14.11.2006 · Großbritanniens Premier Blair plädiert dafür, Iran und Syrien in die Bemühungen um Frieden im Irak einzubeziehen. Nach langer Zeit zeigt Washington wieder Interesse für den britischen Standpunkt.
Von Bernhard Heimrich, LondonDer britische Premierminister Tony Blair glaubt, Iran und Syrien müßten in den internationalen Versuch zur Befriedung des Iraks einbezogen werden. Außerdem könne eine Lösung für das irakische Problem nur Teil einer umfassenden Lösung für den ganzen Nahen Osten sein. Dabei gehe es also auch um die Libanon-Krise und den israelisch-palästinensischen Konflikt. Das war der Tenor einer Rede am Montag abend in London.
Am Tag zuvor waren vier weitere britische Soldaten im Irak umgekommen. Auf einer Patrouillenfahrt im Schatt al Arab bei Basra war ihr Boot von einer so genannten „improvisierten Mine“ zerrissen worden.
Blairs Ansprache beim Bankett in der „Guildhall“ ist ein alljährlicher zeremonieller Höhepunkt, der traditionell der Außenpolitik gewidmet ist. Die erste Empfehlung ähnelt dem, was seit dem Wechsel der Mehrheiten im Kongreß vom Umdenken in Washington bekanntgeworden ist. Anscheinend soll zumindest dieser Teil der vormaligen „Achse des Bösen“ neu eingeschätzt werden.
Den ganzen Nahost-Konflikt einbeziehen
Den zweiten Punkt jedoch, die Einbeziehung des klassischen Nahost-Konflikts in eine mögliche Irak-Strategie, verficht Blair eher gegen Präsident Bush als mit ihm. Dieser eigenwillige Hinweis hatte sich schon in Blairs erster Rede nach den Anschlägen des 11. September 2001 gefunden. Damals hatte er gesagt, das internationale Kaleidoskop sei durchgeschüttelt worden, und man dürfe die Chance nicht verstreichen lassen, das Muster neu und besser zusammenzusetzen.
An diesem Dienstag will die Washingtoner „Iraq Study Group“ den britischen Premierminister über Video zu seinen Ideen für den Fortgang der Irak-Politik befragen. Vermutlich wird Blair dabei dasselbe sagen wie am Montag. Schon am Freitag hatten Bush und Blair eine längere telefonische Aussprache gehabt. Diese Gelegenheit, vor allem aber die Einvernahme durch Bakers Arbeitsgruppe läßt in London ein Gefühl aufkommen, Washington sei nun endlich dazu bereit, sich mehr für britische Standpunkte zu interessieren.
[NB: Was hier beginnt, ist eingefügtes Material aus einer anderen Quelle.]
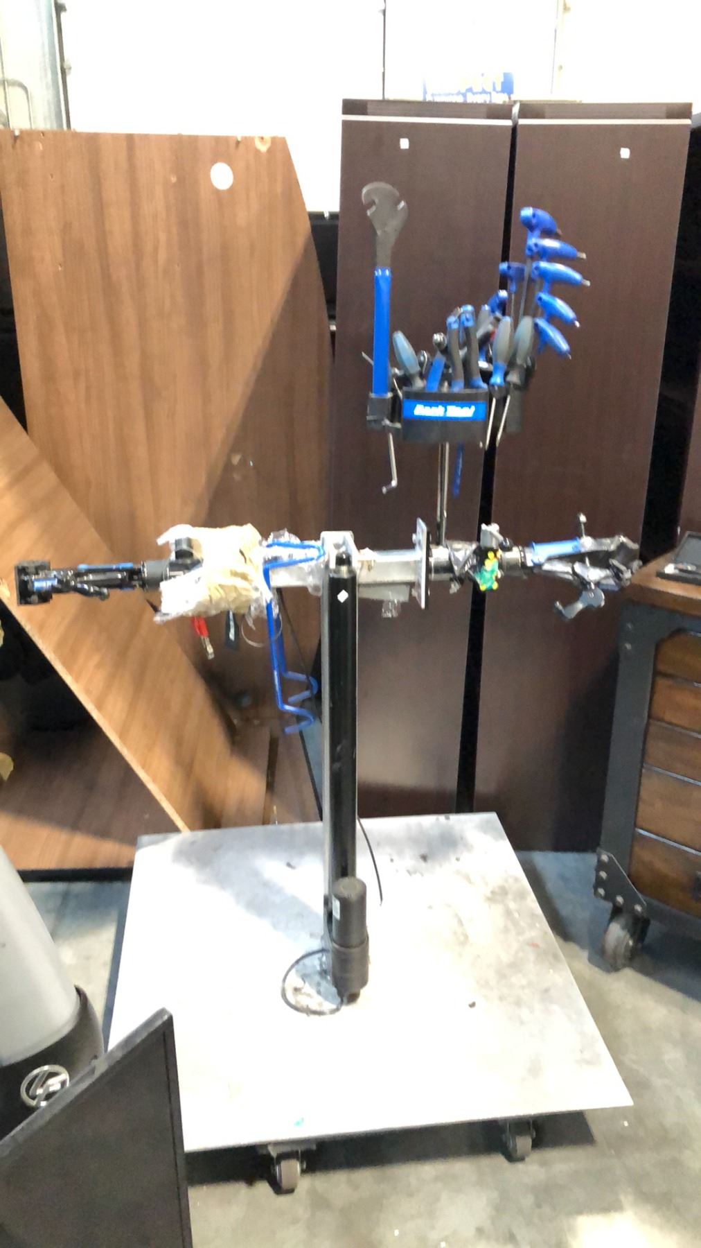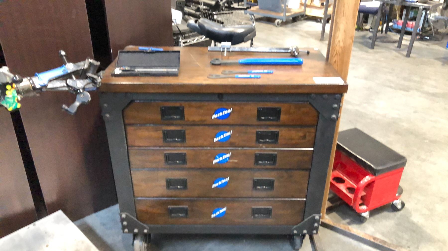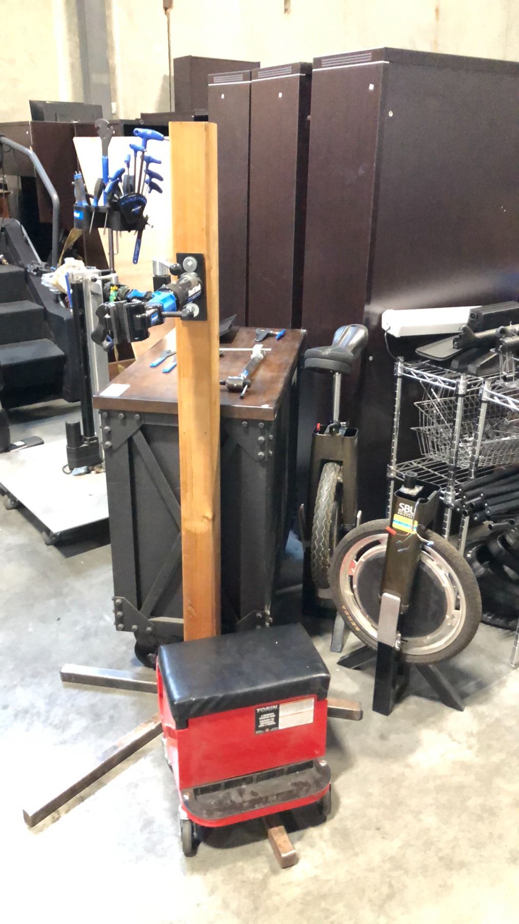 2 CUSTOM BIKE REPAIR STATIONS W/ TOOLS, INDUSTRIAL WOODEN/METAL MOBILE TOOLBOX, 2 UNICYCLE STANDS AND RED MINI TOOLBOX/SEAT

Das gilt vermutlich vorerst nur mit Blick auf Syrien und Iran.
Bis zuletzt eine harte Haltung
Gegenüber den atomaren Ambitionen Irans hat auch Blair bis zuletzt eine harte Haltung eingenommen. Doch gegenüber Syrien hatte er schon lange mehr Hoffnungen gehabt als die Amerikaner. Der junge syrische Präsident Assad hatte bis zum Antritt seines politischen Erbes in London gelebt und hier als Augenarzt gearbeitet. Ein erster Versuch, daran anzuknüpfen, war nicht sehr erfolgreich gewesen. Assad war zwar zu einem Staatsbesuch in London, doch eine politische Reise Blairs nach Damaskus sollte nichts einbringen. Assad hat Blair in einer Pressekonferenz damals sogar öffentlich zurechtgewiesen. Das Ergebnis eines neuen Versuchs wiederum ist noch nicht bekannt.
Vor zwei Wochen hatte Blair seinen Vertrauten und offiziellen politischen Berater, den früheren Botschafter Sir Nigel Sheinwald, in geheimer Mission nach Damaskus geschickt, um Syrien noch einmal zu einem Kurswechsel einzuladen. Aus der Geheimmission wurde, möglicherweise mit syrischer Hilfe, nichts, weil ein arabischer Korrespondent in London davon erfuhr. Assads Antwort soll aber noch ausstehen. Auch Verteidigungsminister Des Browne trat am Montag im Rundfunk für einen Kurswechsel gegenüber Syrien und Iran ein, versicherte aber, das habe nichts zu tun mit den Folgen der Kongreßwahlen in Washington.